Does this explanation help?

Adult said...

In my official Southern Orders documents, I'm changing the designation of "Billy the Kid" to "Billy the Child".

Marye said...

To See Reason, Thank you for taking the time to explain so much to me. You are an excellent teacher. I learned a great deal. I certainly do trust the church. If a doctrine helps us by protection and getting us to heaven I am all for it. I still tho worry so much about the women who have so many children they can't afford and health issues that come with having so many children. I guess one day God will explain it all to me. You helped me a lot. I appreciate it.

Anonymous said...

Why is Billy the Kid always mad? We are all fellow Catholics who sometimes disagree or don't understand.
Why such language?

Marye said...

Thank You George. I am now a Grandmother. As a young catholic married woman I did use NFP and it worked perfectly for me. God gave the gift of just enough children and the money to take care of them. I was also very lucky because had I have had lots of children I could have not worked. My husband and I were lucky we were fortunate. I was also blessed with a Catholic husband who agreed with me. That is also a very important issue. But I must say I do not know if I would have been so at ease with our decision if I had of had health issues. The thought of something happening to me and leaving my children without a mother would have been horrible. I can't say honestly that I would not have used birth control if my doctor had advised. I thank God that I was never in that position. I do so worry about the women who do have serious financial and health issues and husbands that do not agree.

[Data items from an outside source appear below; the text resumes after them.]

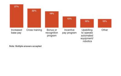 In terms of retention improvement practices (multiple answers permitted), the leading practice was increased base pay, at 27%, followed by cross-training at 22%; bonus or recognition programs are used by 19%; incentive pay used by 13%; and 10% view placing workers into upskilled positions working with robotics or automation as a retention practice.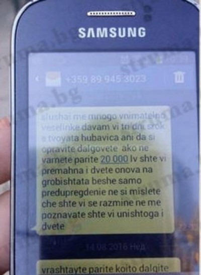 "Слушай ме много внимателно, Веселинке, давам ви три дни срок твоята хубавица Ани да си оправи дълговете, ако не ми върнете 20 000 лева, онова с гробищата е само предупреждение, не си мислете, че ще ви се размине, ще ви унищожа и двете."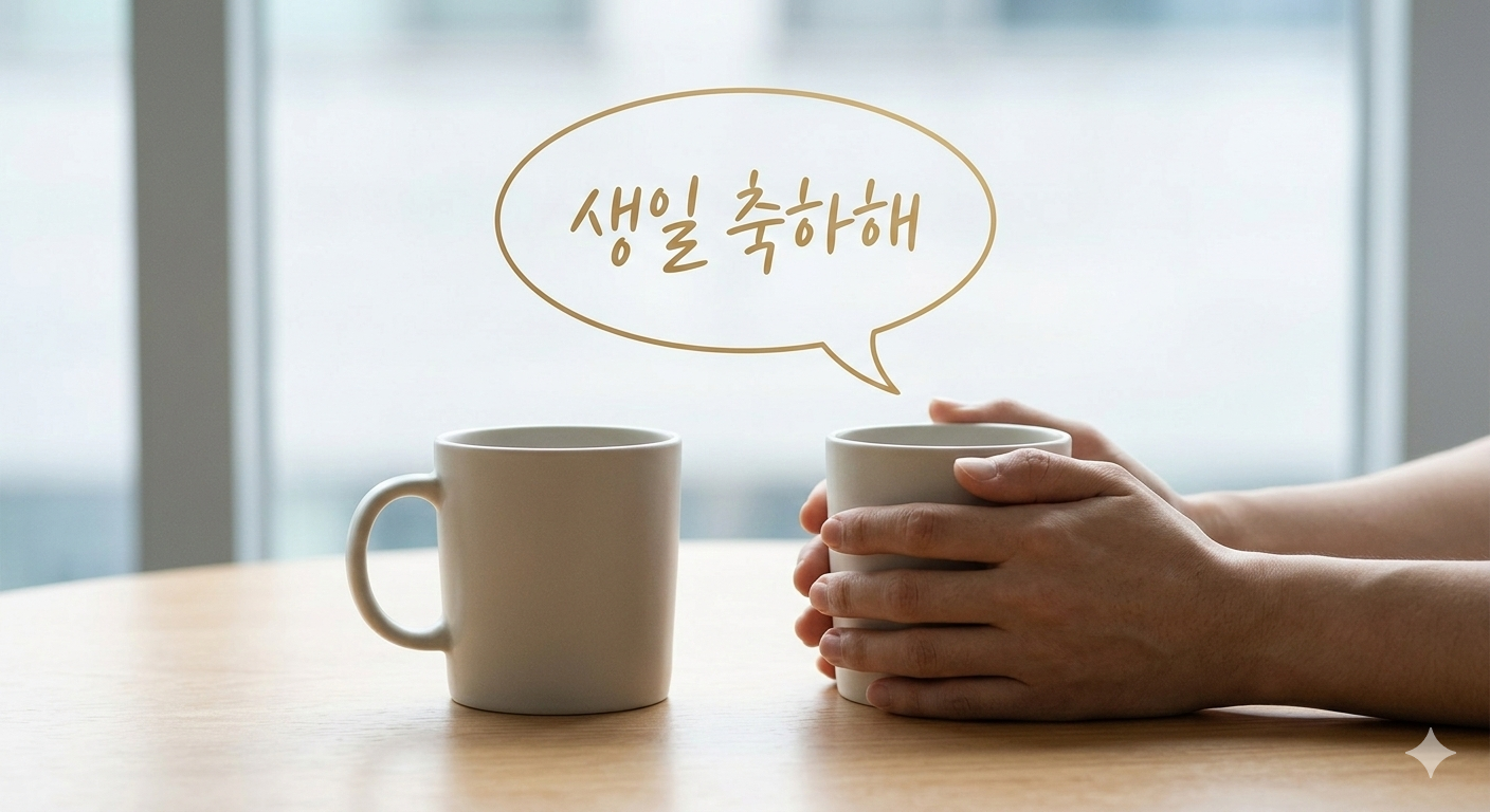 그림2. AI생성이미지- A serene, minimalist photograph. Two coffee mugs are sitting on a wooden table. A pair of hands is wrapped around one of the mugs, and a stylized speech bubble, rendered in a warm, glowing script, floats above the mugs with the text "생일 축하해" (Happy Birthday) written in Korean. The setting is clean and tranquil, focusing on the intimate human connection and the weight of the sincere words.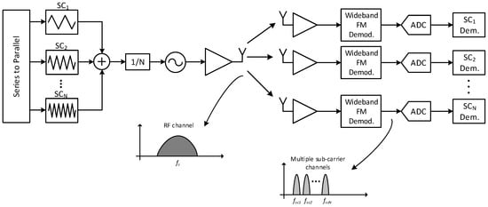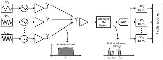 The SC-FDMA was proposed in [8] and further studied in [5]. The main principle is shown in Figure 11, where multiple transmitters are using the same RF band, but can be distinguished due to the fact that they use different sub-carrier frequencies. In order to perform successful demodulation, the wideband FM demodulator must provide sufficient linearity in order to avoid distortion and FM capture effect. In that regard, the DL demodulator is the best candidate, and, so far, the only one that has demonstrated such capability [6,7].

You are indeed correct we should trust God. For some unlucky women they are terrified. Don't you think God understands these young women? I do.

DJR said...

Marye:

The Bible condemns artificial contraception in several places. You can read a Protestant viewpoint at the link:

http://www.opc.org/nh.html?article_id=471

In addition to those mentioned in the article, there is a condemnation in a Deuterocanonical book, in a psalm, and in the Apocalypse (Revelation).

See Reason said...

Marye,

Glad I could help.

George said...

Marye:

Go to the link that DJR provided and read what is there. It goes into detail about what I was alluding to in my comment.

Marye said...

George and DJR I had NO IDEA that all of that was in the Bible. I think this should be shared with a lot of young Catholic mothers.